24.6.20

Jesus Versus Scripture?

Tuesday, June 23


Read John 5:45-47. What powerful message does Jesus give us here about His relationship to the Bible?

Some people claim that when Jesus spoke He put His words in stark contrast to the words of Scripture, as we find them in the Old Testament. They say that the words of Jesus are even elevated above the words of Scripture.

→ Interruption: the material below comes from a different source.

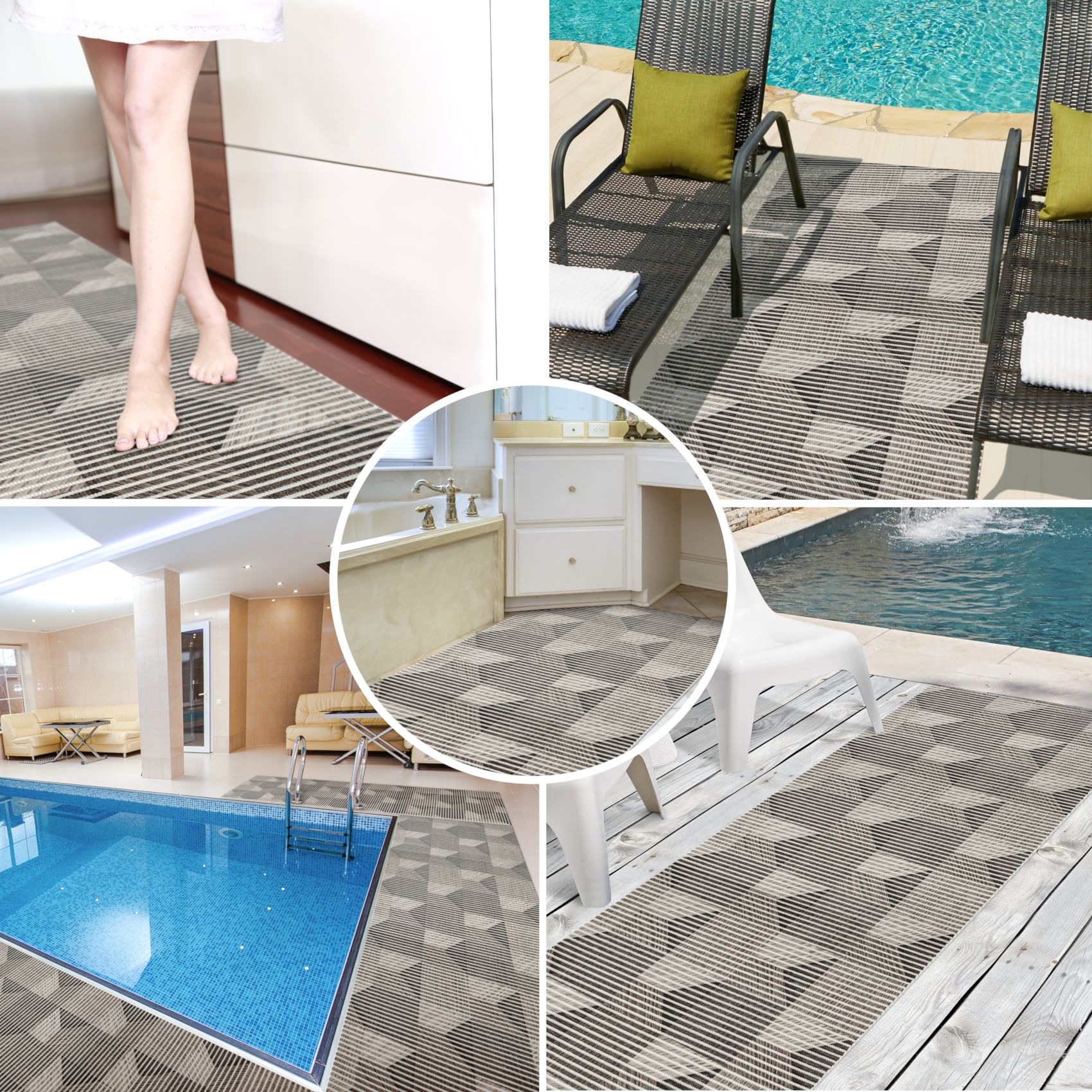 Der Badvorleger ermöglicht Ihnen eine individuelle Anpassung an Ihre Räumlichkeiten, indem Sie diese ganz einfach zuschneiden und auf die gewünschte Größe bringen können. Somit ist sie auch für größere Flächen geeignet und kann problemlos an jede Raumsituation angepasst werden. Nutzen Sie unsere rutschfeste Weichschaummatte in Meterware für Ihre Büroräume, Küchen oder auch für den Einsatz in der Sauna oder auf der Terrasse. Sie werden von ihrer hohen Qualität und Vielseitigkeit begeistert sein.

In the New Testament, we read that Jesus said: “Ye have heard that it hath been said … But I say unto you …” (Matthew 5:43, 44; compare with Matthew 5:21, 2227, 2833, 3438, 39). When Jesus said these famous words in the Sermon on the Mount, He was not trying to abandon or abolish the Old Testament, as some interpreters claim. Instead, He responded to various interpretations of Scripture and to oral traditions that were used by some interpreters of His day to justify behavior toward other people that God did not condone and never commanded, like hating your enemy (see Matthew 5:43).

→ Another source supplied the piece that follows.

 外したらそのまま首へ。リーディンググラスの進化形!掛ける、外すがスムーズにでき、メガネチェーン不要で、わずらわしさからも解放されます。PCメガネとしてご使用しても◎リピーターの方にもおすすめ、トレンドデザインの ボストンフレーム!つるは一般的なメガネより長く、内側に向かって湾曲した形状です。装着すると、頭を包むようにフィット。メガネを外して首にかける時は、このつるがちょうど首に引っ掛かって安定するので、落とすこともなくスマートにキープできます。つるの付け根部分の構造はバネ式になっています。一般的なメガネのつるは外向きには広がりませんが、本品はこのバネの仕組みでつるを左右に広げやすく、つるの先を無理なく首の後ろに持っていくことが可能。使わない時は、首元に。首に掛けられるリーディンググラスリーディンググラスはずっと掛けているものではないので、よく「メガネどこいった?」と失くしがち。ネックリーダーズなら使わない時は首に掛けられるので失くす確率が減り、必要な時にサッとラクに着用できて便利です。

Jesus did not abolish the Old Testament in any way or in any degree lessen its authority. The opposite is true. It was the Old Testament that, indeed, proves who He is. Instead, He intensified the meaning of the Old Testament statements by pointing us to God’s original intentions.

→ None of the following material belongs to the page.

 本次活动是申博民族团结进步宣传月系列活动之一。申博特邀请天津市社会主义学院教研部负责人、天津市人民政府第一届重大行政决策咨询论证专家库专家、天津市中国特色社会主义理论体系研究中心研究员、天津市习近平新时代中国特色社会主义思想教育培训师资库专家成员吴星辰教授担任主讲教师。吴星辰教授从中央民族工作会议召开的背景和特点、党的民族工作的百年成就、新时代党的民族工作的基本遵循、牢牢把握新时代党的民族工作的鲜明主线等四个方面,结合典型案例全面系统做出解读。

To use Jesus’ authority to disqualify Holy Scripture or to denigrate some parts of the Bible as uninspired is perhaps one of the subtlest, and yet most dangerous, criticisms of Scripture, because it is done in the very name of Jesus. We have Jesus’ example of how much authority He gave to the Scriptures, which, in His day, consisted of the Old Testament only. What more evidence do we need about how we should view the Old Testament, as well?

Far from weakening the authority of Scripture, Jesus consistently upheld Scripture as a reliable and trustworthy guide. In fact, He unambiguously states in the very same Sermon on the Mount: “think not that I am come to destroy the law, or the prophets: I am not come to destroy, but to fulfil.” (Matthew 5:17). And He continues to say that "whosoever therefore shall break one of these least commandments, and shall teach men so, he shall be called the least in the kingdom of heaven” (Matthew 5:19).

What are some of the key doctrines that, to this day, find their grounding in the Old Testament? Think, for example, of Creation (Genesis 1-2) and the Fall (Genesis 3). What other crucial Christian truths do we find in the Old Testament that are later amplified in the New Testament?